Wednesday, October 24, 2018

Cutting back hedges, making room for more light in my life

Yesterday was a bear. It was the third day that I spent with my 72 year old dad clearing brush and cutting back my hedges in my landscaping because they had become so overwhelming to me- they were blocking the  sunlight that comes into my house - and also growing up against my house and just making a mildewy mess- I love plants- and at first recoiled at having to trim them back what I felt was severely- but as my dad pointed out- in the long run it makes them grow correctly it makes them heartier and healthier and give me space- so as we were working I noticed the more sunlight and space I was making by trimming- the more I could breathe I literally felt lighter and better- the sheer overgrowth of my landscaping I felt had choke hold on me and I didn’t realize it- I wish I had before and after but this walk way I couldn’t even use before it was like a green tunnel and really mosquito-y in the summer 

Now it’s so open and lovely and I feel I can actually utilize it- so my point is - what other things have a subconscious choke hold on our psyche? Are there places in our life that are so out of control and over grown- we need to prune and trim and cut it back into submission so that it actually works for us  and makes sense again? Just something to think about- but I know I want to make more  space for myself  and for things to look lovely and have access to plenty of sunshine!!! ♥️
I was so tired last night for dinner I made soup again but this time it was my spin of beef pho- but I used  fake ramenoodles soba ? I think so their name (gluten free) sirloin from pounding mill land and cattle ( my parents farm) and I used beef bone broth I had made- if anyone wants the  precise recipe I can post it later- 


It’s going to be another beautiful October day! Clear blue bird day crisp high 60- I’m getting ready to go run 🏃‍♀️- 5 miles then plan to take maverick for a walk-  here are some pictures of the back of my house with maverick this morning- I’m just so happy how everything looks in my yard now ( and that I can breathe) 



 Maverick be like “lady stop taking pictures of me” 

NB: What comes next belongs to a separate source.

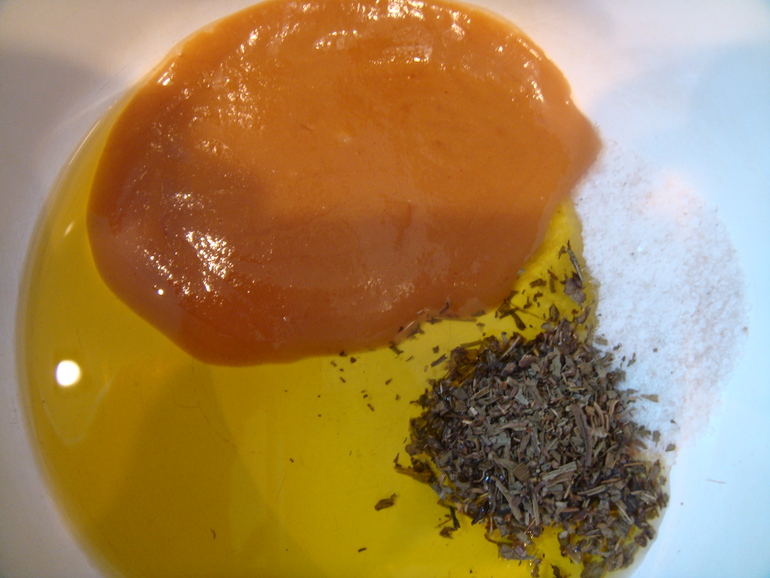 Приготовить намазку: растительное масло, горчица, соль, тархун:

Okay  lastly this is a humble brag - yesterday I fixed my son todds bounce back for lax- it had gotten messed up when the yard dudes moved it to mow around it - and since spring had been under my back porch in a crumpled sad heap- and it drove me crazy- I hated it - I wanted to throw it away but was too afraid I would scratch my truck trying to load it by myself because it was so cumbersome- 
My dad said he would help me haul it away yesterday and I said well let me try one more time to see if I can get it to stand and not fall down-  and for whatever crazy reason and some wd40 I got it to work 

 So I had a happy child
After school who practiced on his bounce back 
Then he practiced cradling and shooting for an hour- so that is a victory  in my book. My goal is just to continue to dig out small victories like the bushes or the bounce back every day - 
Hope everyone has an awesome Wednesday!!!